## EXERCISE GOAL
The lines to repeat are those below from the one containing "高端不锈钢创意镜面圆环雕塑,点缀酒店会所装饰" down to the one containing "- Ziehen Sie", both included; reproduce them exactly and nothing else.

## RECORDS TO PROCESS
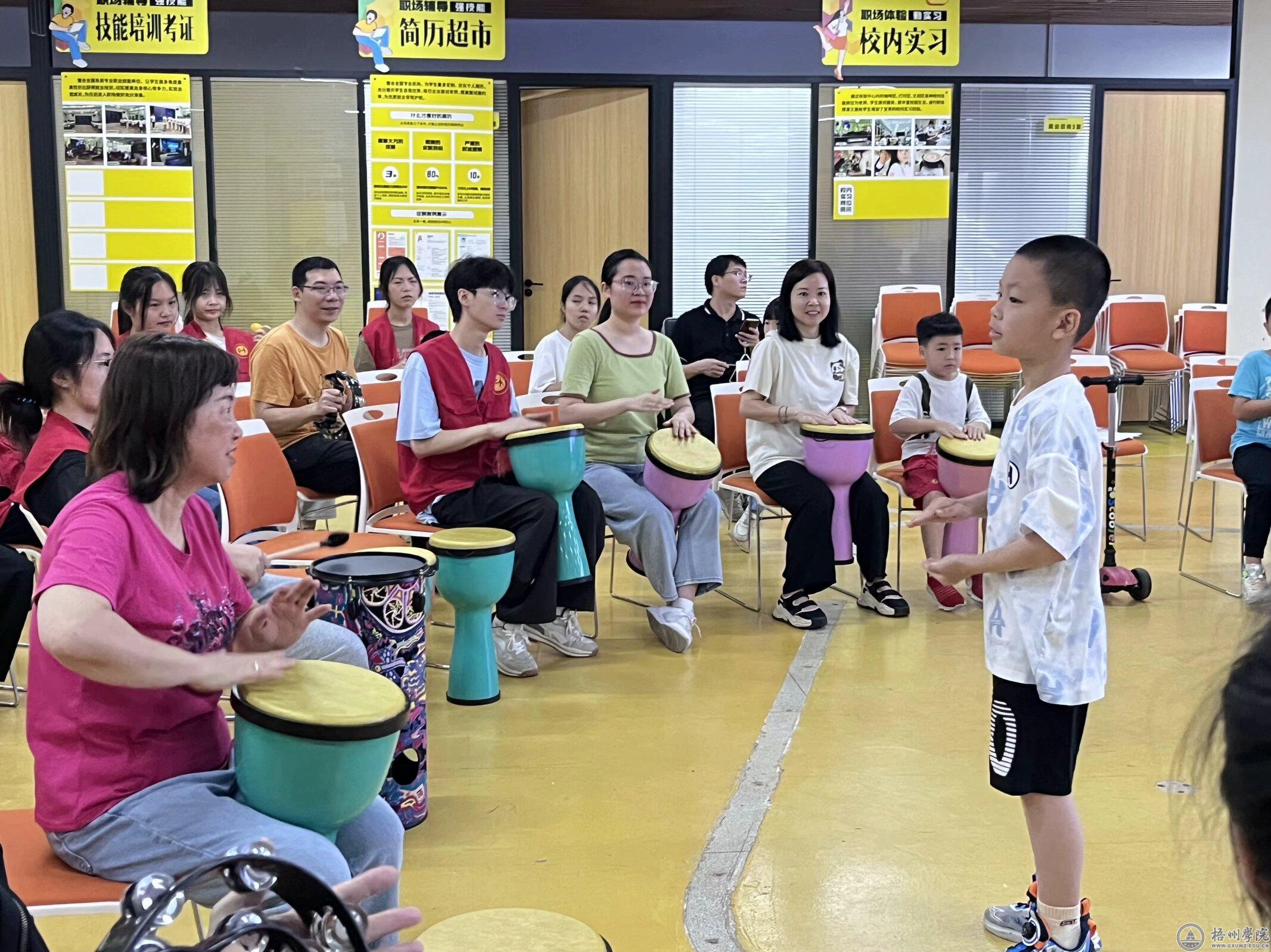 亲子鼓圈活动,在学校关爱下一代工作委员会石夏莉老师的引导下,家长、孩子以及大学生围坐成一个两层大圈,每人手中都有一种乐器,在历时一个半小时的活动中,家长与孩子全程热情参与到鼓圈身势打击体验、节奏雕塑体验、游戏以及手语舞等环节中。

...

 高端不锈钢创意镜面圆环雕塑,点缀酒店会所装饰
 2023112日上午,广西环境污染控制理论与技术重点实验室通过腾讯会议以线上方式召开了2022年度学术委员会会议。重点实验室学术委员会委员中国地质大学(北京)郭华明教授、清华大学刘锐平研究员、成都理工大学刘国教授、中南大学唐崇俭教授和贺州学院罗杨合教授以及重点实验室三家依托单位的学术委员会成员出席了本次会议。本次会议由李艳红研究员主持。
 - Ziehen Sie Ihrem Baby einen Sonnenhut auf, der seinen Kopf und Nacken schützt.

--

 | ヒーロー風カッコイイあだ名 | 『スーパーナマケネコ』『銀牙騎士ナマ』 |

## TASK SOLUTION
 高端不锈钢创意镜面圆环雕塑,点缀酒店会所装饰
 2023112日上午,广西环境污染控制理论与技术重点实验室通过腾讯会议以线上方式召开了2022年度学术委员会会议。重点实验室学术委员会委员中国地质大学(北京)郭华明教授、清华大学刘锐平研究员、成都理工大学刘国教授、中南大学唐崇俭教授和贺州学院罗杨合教授以及重点实验室三家依托单位的学术委员会成员出席了本次会议。本次会议由李艳红研究员主持。
 - Ziehen Sie Ihrem Baby einen Sonnenhut auf, der seinen Kopf und Nacken schützt.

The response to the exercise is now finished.